Not Spared: Dark buildings at the central business district endure
the effects of the power shortage  
More alarming, frequent blackouts hold the real potential to compromise the economic growth and international competitiveness of a developing economy. A disappointing economic performance from key industries can lead to a strong monetary depreciation and downward revisions in growth forecasts. It can also drive global rating agencies to downgrade a developing country’s credit ratings, which can put it in a bad light as an investment destination. A prolonged bout with load shedding can negate previous economic achievements of an emerging country and, worse, can plunge the country’s economy into recession.

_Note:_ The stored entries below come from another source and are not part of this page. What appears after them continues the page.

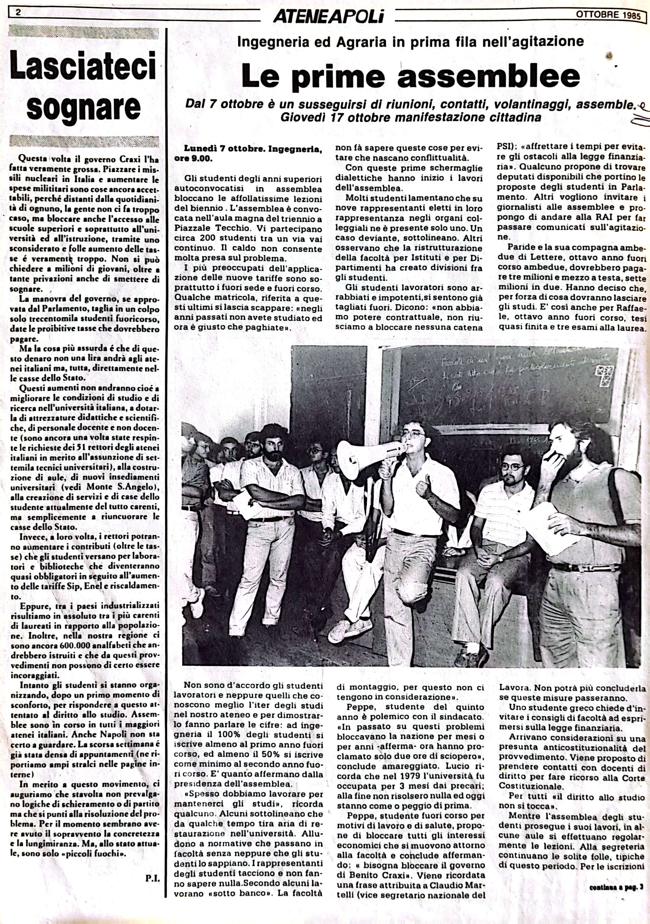 40 Anni Ateneapoli 1985 – Protesta contro la legge finanziaria, studenti in assemblea a Mezzocannone 27/02/1985 0 299 Share FacebookTwitterWhatsAppEmailCopy URL ◼︎ Leggi ora l’articolo dall’archivio di ATENEAPOLI ◼︎ Vai alla pagina dedicata ai 40 anni Share FacebookTwitterWhatsAppEmailCopy URL Previous article1985 – Nasce a Napoli il giornale Ateneapoli, prima iniziativa editoriale in Italia dedicata al mondo universitario. Direttore: Paolo IannottiNext article1985 – Gli studenti protestano contro la legge finanziaria. Facoltà di Ingegneria occupata Desk Due - Advertisement - Articoli Correlati Parthenope “Un valore aggiunto” le classi composte da studenti di Paesi diversi 13/10/2025 Federico II Un “tirocinio extracurriculare a Boston” per alcuni studenti che “stanno vivendo un sogno” 13/10/2025 Federico II Vincenza Ferrara, laurea Magistrale a pieni voti con lode, racconta il suo percorso a Biologia 13/10/2025 Federico II Studi Umanistici e Scienze Sociali: i rappresentanti degli studenti di Link chiedono lo stop agli accordi di ricerca con Israele 13/10/2025 Federico II Emanuela Barone neo Presidente del parlamentino studentesco di Dipartimento 13/10/2025
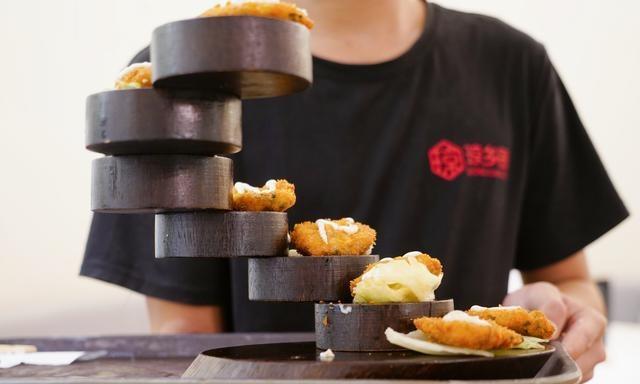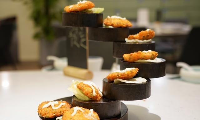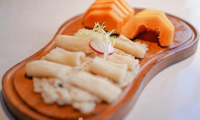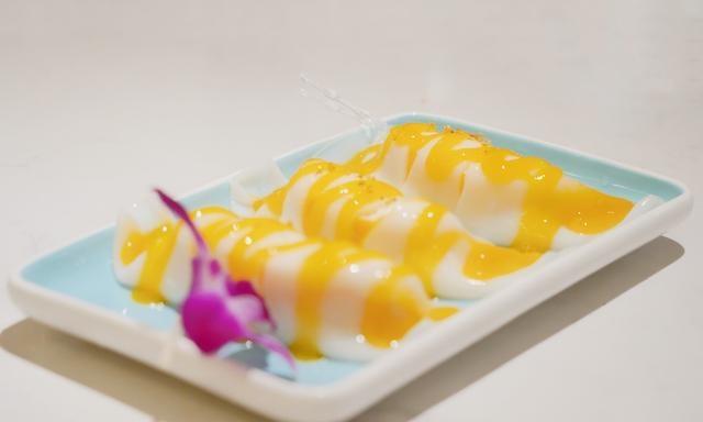 妈妈很喜欢桂花芒果卷,这道菜一端上桌让人就忍不住拍照,摆盘非常精致。芒果卷外是一层脆滑的双奶外皮,淋上桂花芒果酱,嫩黄的颜色可爱极了。
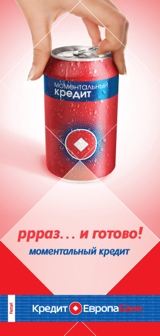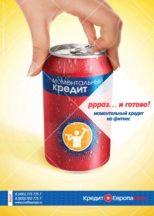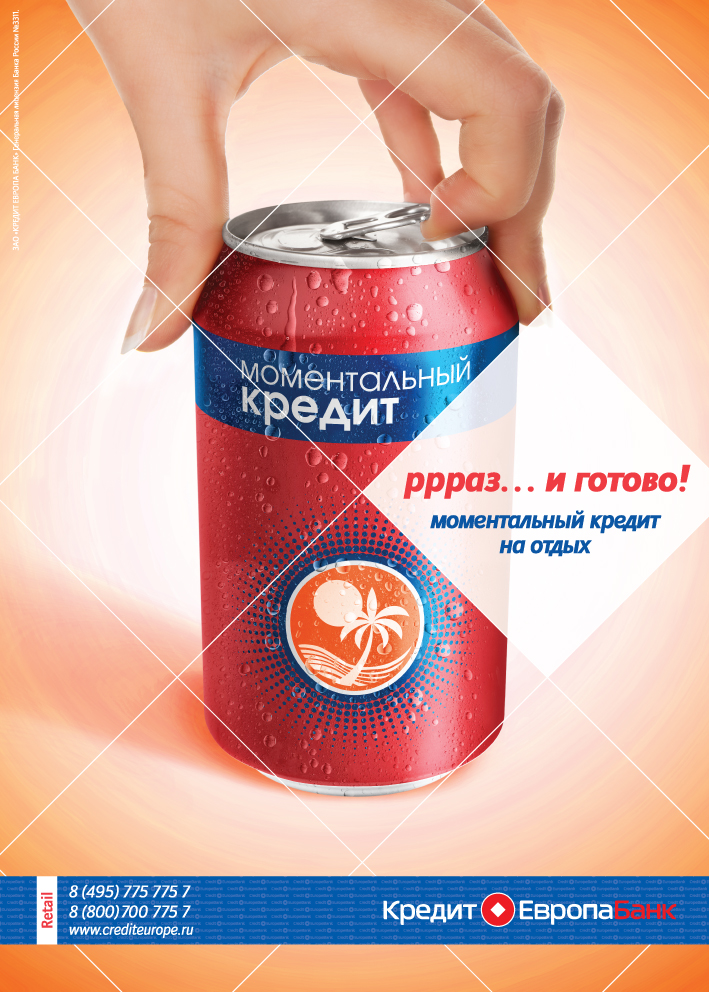 "Кредит Европа Банк" меняет рекламную концепциюВ середине августа на всех точках продаж "Кредит Европа Банка" появятся новые рекламные материалы, продвигающие моментальные кредиты. Новая концепция была разработана рекламным агентством Arena-Magic Box, а затем адаптирована и доработана дизайнерами креативного отдела Банка.Новые рекламные материалы были созданы на смену существующей концепции, главной мыслью которой было отображение моментальности кредита. Прежде материалы отличались излишней лаконичностью и выделялись лишь яркими цветами на фоне полиграфической продукции других банков. В новом брифе для Arena-Magic Box перед агентством стояла задача "показать присутствие "Кредит Европа Банка" в местах выдачи кредита, выделиться среди банков-конкурентов, привлечь ЦА с целью оформления кредита, при этом реклама должна быть яркой, привлекательной, и вместе с тем, самобытной и запоминающейся". В результате была выбрана летняя и современная идея, отражающая как простоту оформления кредита, так и скорость принятия решения - "Ррраз и готово…". Разработанная агентством концепция была взята за основу для всей линейки моментальных кредитов и адаптирована дизайнерами "Кредит Европа Банка" для различных предприятий торговли и сервиса, где выдается кредит. До конца лета новые рекламные материалы будут представлены внутренней рекламой в местах продаж в виде постеров, вобблеров, стикеров, домиков, флаеров, а также баннеров в Интернете. В начале осени новая концепция будет адаптироваться под новые форматы для проведения совместных рекламных кампаний с партнерами Банка в рамках программы потребительского кредитования. Состав творческой группы: "Кредит Европа Банк" Начальник креативного отдела - Ольга Аверьянова Дизайнер - Галина Мачехина Arena-Magic Box Account Director Екатерина Московская Senior Account manager - Ольга Хохлова дизайнер - Дмитрий Дугин арт-директор - Павел Нагаев копирайтер - Сергей Некрасов |
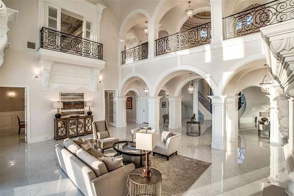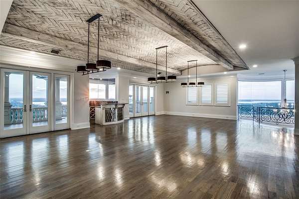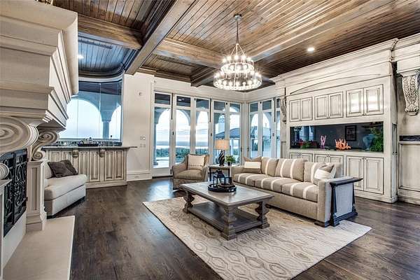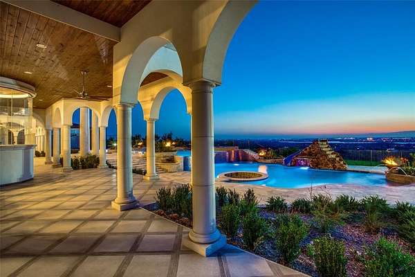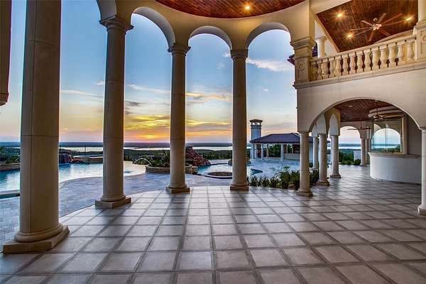 A once in a lifetime opportunity to own an elegantly intimate masterpiece sitting atop one of the highest points for hundreds of miles, with panoramic views! Spectacular views of the lake, Fort Worth, Las Colinas, AT&T Stadium! Designed for a luxurious lifestyle, the magnificent mansion features 8 bedrooms, 8.2 baths, 3 floating staircases, a resort style pool featuring two grottos, waterfalls and water features, a sunken fire pit, fire sconces, and a cabana with outdoor kitchen & bath. The gourmet kitchen has Wolf & SubZero appliances, quartz counters, custom wood ceilings including a wine room, & butlers pantry. The primary suite retreat features spa inspired bath!

There are solutions to power challenges  

To effectively combat a power supply inefficiency, a developing country, like the Philippines, should promote further investment in its power sector and regular servicing and maintenance of its existing power systems. While it is understandable that such initiatives may take some time to come to fruition, an emerging country can in the interim turn to temporary power solutions for the immediate resolution of its power supply challenges.

Temporary power solutions can be delivered to the Philippines or to any emerging country anywhere in the world at a moment’s notice, and can be installed and activated in a matter of days. They are able to effectively supply the precise power requirement at any given time, and can be ramped up or scaled down depending on the demand. Governments, power utility providers or power industry stakeholders need not pour in a huge investment in capital expenditure, and can pay for the produced electricity from their operating revenues. Temporary power plants are greatly beneficial in providing reliable electricity when permanent power facilities are undergoing maintenance, or when there are significant delays in the activation of new sources of electricity. They can also be a viable alternative to running inefficient and costly outdated or poorly maintained permanent power plants.

Temporary power solutions can provide immediate power to developing countries
The economic resurgence of the Philippines in recent years has been one of Asia’s biggest success stories. The country’s continued economic growth has been nothing short of impressive. Modern and industrializing economies, such as the Philippines, need an efficient and reliable supply of electricity to sustain their economic activities, better support their citizens and take off. While the government and other power stakeholders are working towards a long-term solution to power challenges, temporary power solutions can provide the Philippines with the much-needed boost in the power supply, paving the way to a more sustainable and viable economy.